It Is Time for Law Schools To Start Teaching Applied Cybersecurity

Technology is becoming more and more intrinsic to the practice of law, providing a setting that yields more efficient results for lawyers and clients. It has also exposed the legal profession to many cyber risks and threats, which lawyers need to be prepared to foresee and avoid.

Introduction

Having a background in both law and computer science, and having worked in information security for some years, means that I am often on the receiving end of all sorts of IT-related questions from my lawyer friends.

Over the last few years, I have seen these questions evolve from editing PDF files and setting up IMAP email accounts to explaining what a VPN is and why Chrome flags a particular website as not secure. This evolution has not been linear — at all.

Already for the past five years, large law firms had been cautiously testing technology solutions in general, and legal tech ones, in particular, albeit with minimal budgets, and, ultimately, on some occasions also implementing them. The current pandemic, however, has forced lawyers, law firms of every size, and the entire justice system altogether to swiftly rely on technology to prevent what could have been a catastrophic halt.

In a matter of days, face-to-face meetings involving client-confidential information have transitioned to videoconferencing, delicate case files have been moved to the cloud and accessed via VPN by lawyers working from home, the execution of multimillion-dollar M&A deals has become digital, and so forth.

Looking at the bright side, this has undeniably resulted in more flexible work for lawyers and more efficient results for many clients. However, it has also presented cybercriminals with a multitude of opportunities for attacks, all of which carry potentially severely impactful consequences.

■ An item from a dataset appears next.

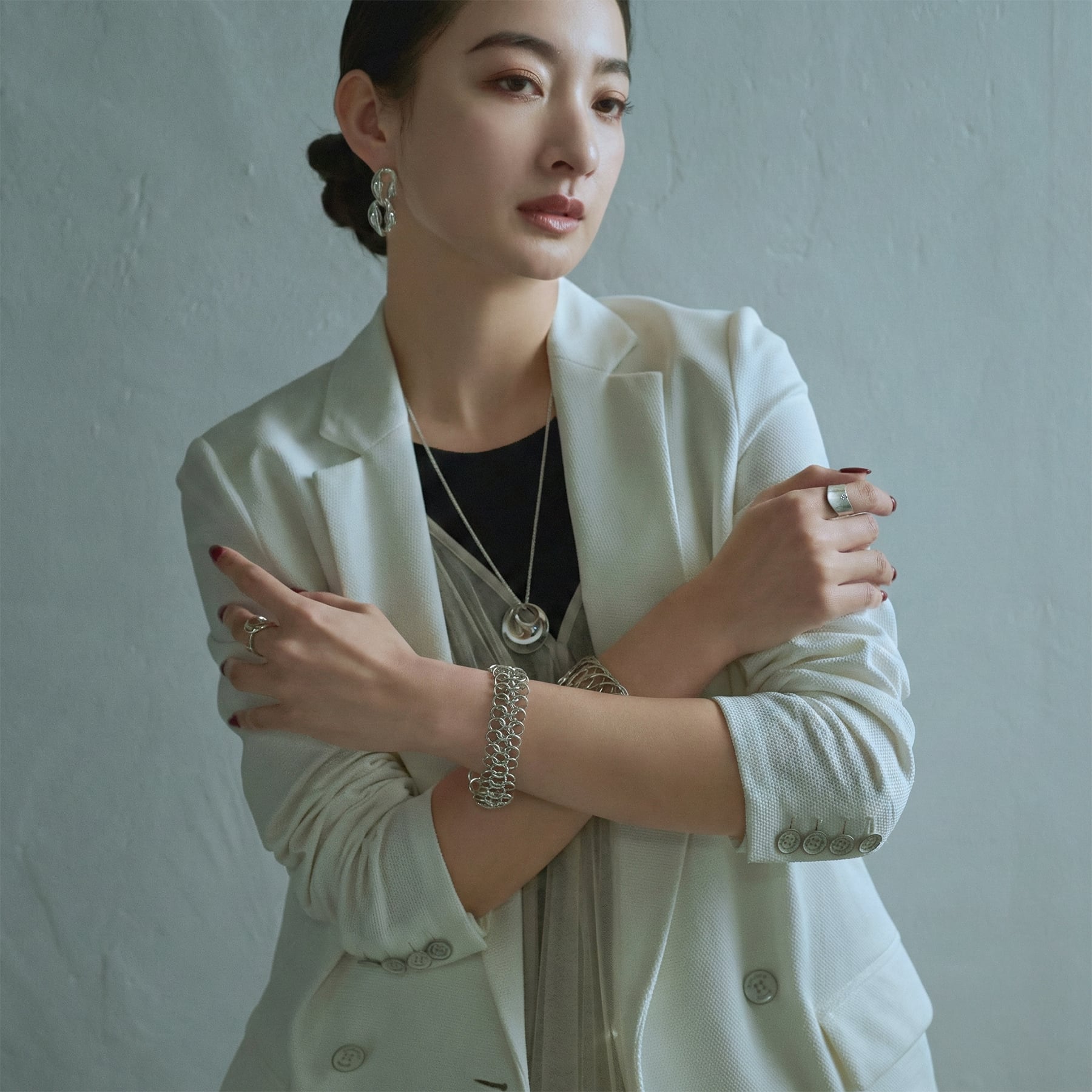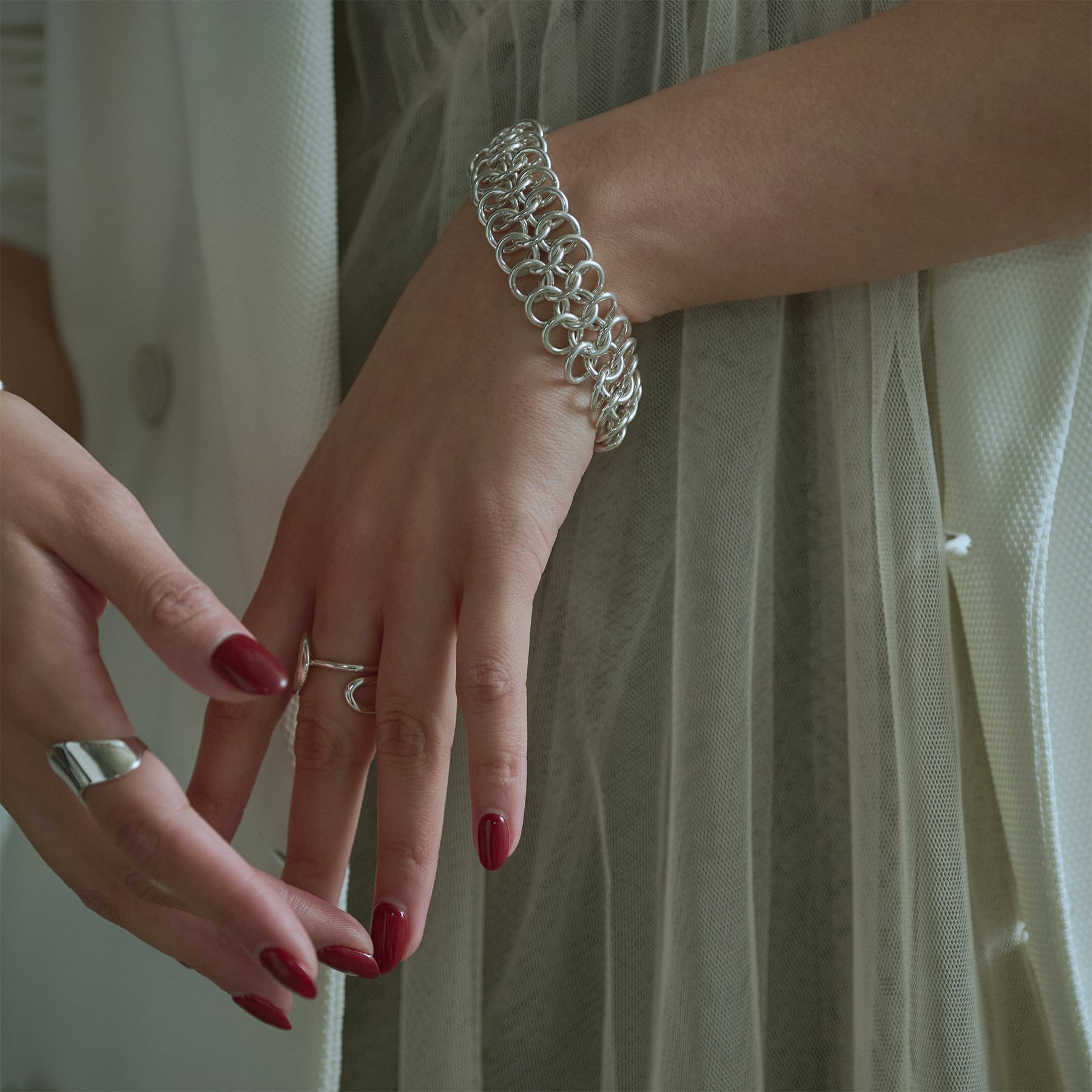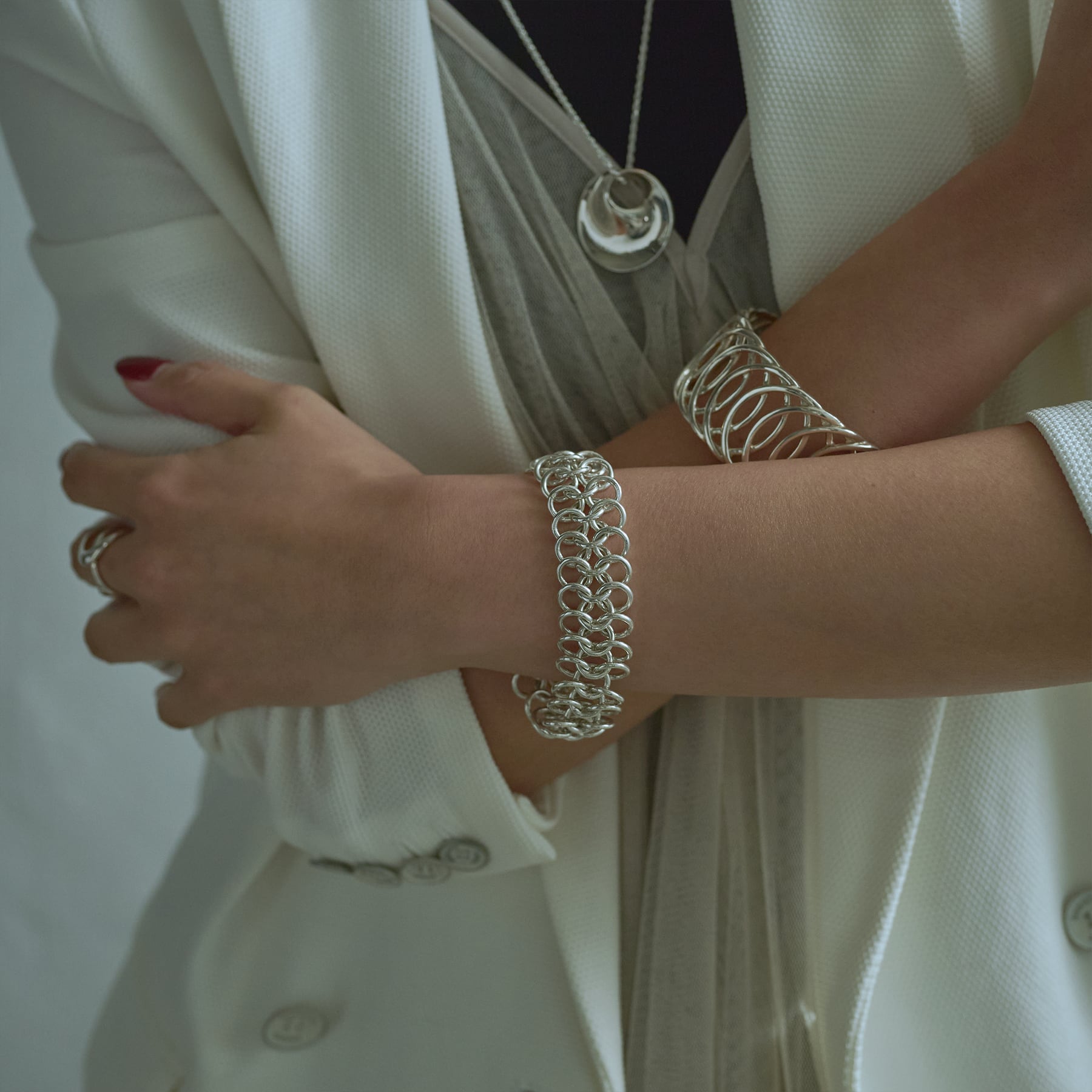 銀環が連なり、立体的な陰影と上質な輝きを奏でる。

Lawyers, therefore, need to be aware of these cyber risks and threats to foresee and avoid them, and in some cases, to promptly mitigate the effects of malicious attacks.

The role of awareness in cybersecurity

Awareness is critical when it comes to cybersecurity. Every year, organizations worldwide spend millions first to assess the level of awareness of their employees vis-à-vis cyber risks and threats, and then on targeted employees awareness campaigns and training.

Large international law firms are part of this cohort of organizations. They not only invest in keeping associates and partners alike aware of cyber risks and threats but also have the resources to establish effective cybersecurity capabilities such as fully-fledged Security Operation Centers (SOCs).

However, solo practitioners and small and medium law firms do not possess the resources to have dedicated in-house cybersecurity teams and consultants-led awareness campaigns. Hence, in the vast majority of cases, they must rely on their knowledge, attitudes, and behaviours to be cyber secure and shield their practices and their clients from cyber risks and threats.

How law schools can ignite and foster a culture of cybersecurity

The purpose of law schools is to educate future lawyers. Regardless of the size of the law firm that they will work for. Therefore, law schools should equip law students with the necessary knowledge, skills, and tools to be cyber-secure legal professionals from day one after graduation.

While technology demands that lawyers change the way they work as they know it, cybersecurity is there, among other things, to protect deontologically paramount duties such as client confidentiality.

For these reasons, law schools should educate students in information security, cybersecurity ethical and legal practices, as well as in avoiding/mitigating cyber risks and threats by:

#1: Generating awareness about cyber risks and threats among law students:

By leveraging real-life case studies, law students can be made aware of the risks and threats associated with technologies that they will later use as lawyers. They can learn to adopt behaviours that are proven to be cyber-secure and prevent attacks and incidents. For example, by studying a real-life Man-In-The-Middle (MitM) attack case, law students could learn the importance of never transmitting personal and confidential data over unencrypted HTTP connections.

#2: Providing students with hands-on IT training:

Through a combination of theory-based learning and hands-on laboratories/workshops, law students can learn basic technical knowledge and acquire practical skills in analyzing and defending computer systems, protecting their clients’ data, and be resilient in the aftermath of attacks and incidents. To this end, core topics could include notions of Computer Architecture and Operating Systems, Computational Thinking, Computer Networking, Information Protection, and Cloud Security.

#3: Contextualizing cybersecurity within the overarching theme of legal education:

Ethics, privacy, and applicable cybersecurity laws and regulation should form an integral part of the applied cybersecurity curriculum. This would provide students with a valuable holistic cybersecurity education, which as a consequence, would also benefit those students interested in becoming cybersecurity lawyers by allowing them to better interact with clients and technical experts, as individual cases may require.

#4: Recruiting ad hoc lecturers with interdisciplinary backgrounds:

To deliver a holistic applied cybersecurity education, law schools should recruit lecturers with an interdisciplinary background in computer science/security and law. After all, a handshake in contract law and one in computer networking are two very different things.

Conclusion

The bond between technology and the legal profession is here to stay. With the profession being digitally transformed and with legal technology automating an ever-larger number of tasks, lawyers will increasingly be exposed to cyber risks. Law schools can play a crucial role in igniting and fostering a cybersecurity culture that benefits lawyers, clients, and that ultimately protects the ethical pillars of the legal profession.